30 ans après la réunification, l’Est traîne toujours

Alain Howiller sur les 30 ans de la réunification allemande le 3 octobre 1990. Est-ce que les paysages fleurissants promis par Helmut Kohl ont vu le jour ?

La Porte de Brandebourg - d'abord symbole de la séparation, ensuite celui de l'unité allemande. Foto: Berlin-Picture / Wikimedia Commons / CC-BY-SA 4.0int

(Par Alain Howiller) – On le sait, c’est le 3 octobre, il y a trente ans, que la réunification allemande est devenue réalité après la signature, puis la ratification du traité d’union signé par la République Fédérale (RFA) et la République Démocratique (RDA). L’accouchement du « nouveau-né » avait été précédée, prés de trois semaines plus tôt (le 12 Septembre), à Moscou, par la signature d’un texte valant traité de paix : il engagera les principaux belligérants de la IIe Guerre Mondiale : USA, Grande-Bretagne, France, URSS (elle existait encore), RFA et RDA.

Lorsque l’on évoque cette période, maintenant que le 3 Octobre est devenu « fête nationale » en Allemagne, on oublie généralement que, dans la foulée en quelque sorte, l’Allemagne réunifiée devait conclure (le 14 Novembre) un accord, également historique, avec la Pologne : la RFA reconnaissait officiellement la frontière germano-polonaise née du conflit mondial et renonçait à la Prusse orientale, à la Silésie et à la partie du Brandebourg située à l’Est de l’Oder et de son affluent la Neisse. Malgré le rapprochement évident des deux parties de l’Allemagne et trente ans après la réunification, le souvenir de la RDA continue de hanter les esprits, y compris chez les jeunes nés… après la chute du Mur de Berlin (le 9 Novembre 1989) et la disparition (à vrai dire une « ingestion » !) de la « République Démocratique Allemande ».

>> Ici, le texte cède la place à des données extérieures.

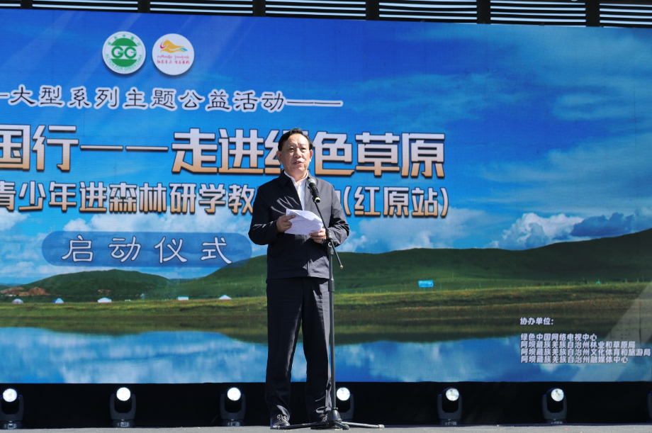 ??啟動(dòng)儀式上,國(guó)家林業(yè)和草原局原副局長(zhǎng)、全國(guó)關(guān)注森林活動(dòng)執(zhí)行委員會(huì)副主任劉東生,四川省林業(yè)和草原局黨組成員、副局長(zhǎng)王景弘,中共阿壩藏族羌族自治州委副書(shū)記、州政府黨組書(shū)記、州長(zhǎng)羅振華,中共紅原縣委書(shū)記楊文松等出席啟動(dòng)儀式并致辭。綠色中國(guó)形象大使劉勁攜青少年代表共同宣讀《全國(guó)三億青少年走進(jìn)紅色草原倡議書(shū)》。

60% de citoyens de seconde zone ? – Dans une enquête publiée, il y a quelques mois, par la version allemande du site américain « Business Insider », Tobias Hambach relevait que même les jeunes entre 18 et 29 ans, qui donc n’ont pas connu la RDA, se sentaient « Allemands de l’Est », alors que 60% des citoyens de l’ex-RDA considèrent qu’on les traite toujours comme des citoyens de seconde zone et que trois habitants de l’Est sur quatre pensent qu’au moment de la réunification, ils n’ont pas été traités comme ils auraient du l’être ! Pas étonnant, dans ces conditions, que 84% (!) d’entre eux regrettent que « ce qui était bien dans l’ex-Allemagne de l’Est ait été perdu au moment de la réunification », l’Ouest ayant imposé son schéma de vie. Si en trente ans, beaucoup a été fait pour rapprocher les deux parties de l’Allemagne, il reste encore beaucoup à faire pour parachever la fusion !

C’est ce que le gouvernement fédéral reconnaît dans le rapport 2020 sur l’état de l’unité allemande : « La convergence (des deux parties d’Allemagne) et l’adaptation des conditions de vie ont considérablement progressé malgré les différences et les obstacles qui subsistent », lit-on dans le document qui poursuit : « Le revenu des ménages s’est même hissé dans certains des nouveaux Länder (comme le Brandebourg ou la Saxe) au niveau de Länder de l’Ouest (comme la Sarre) où il est le plus faible !.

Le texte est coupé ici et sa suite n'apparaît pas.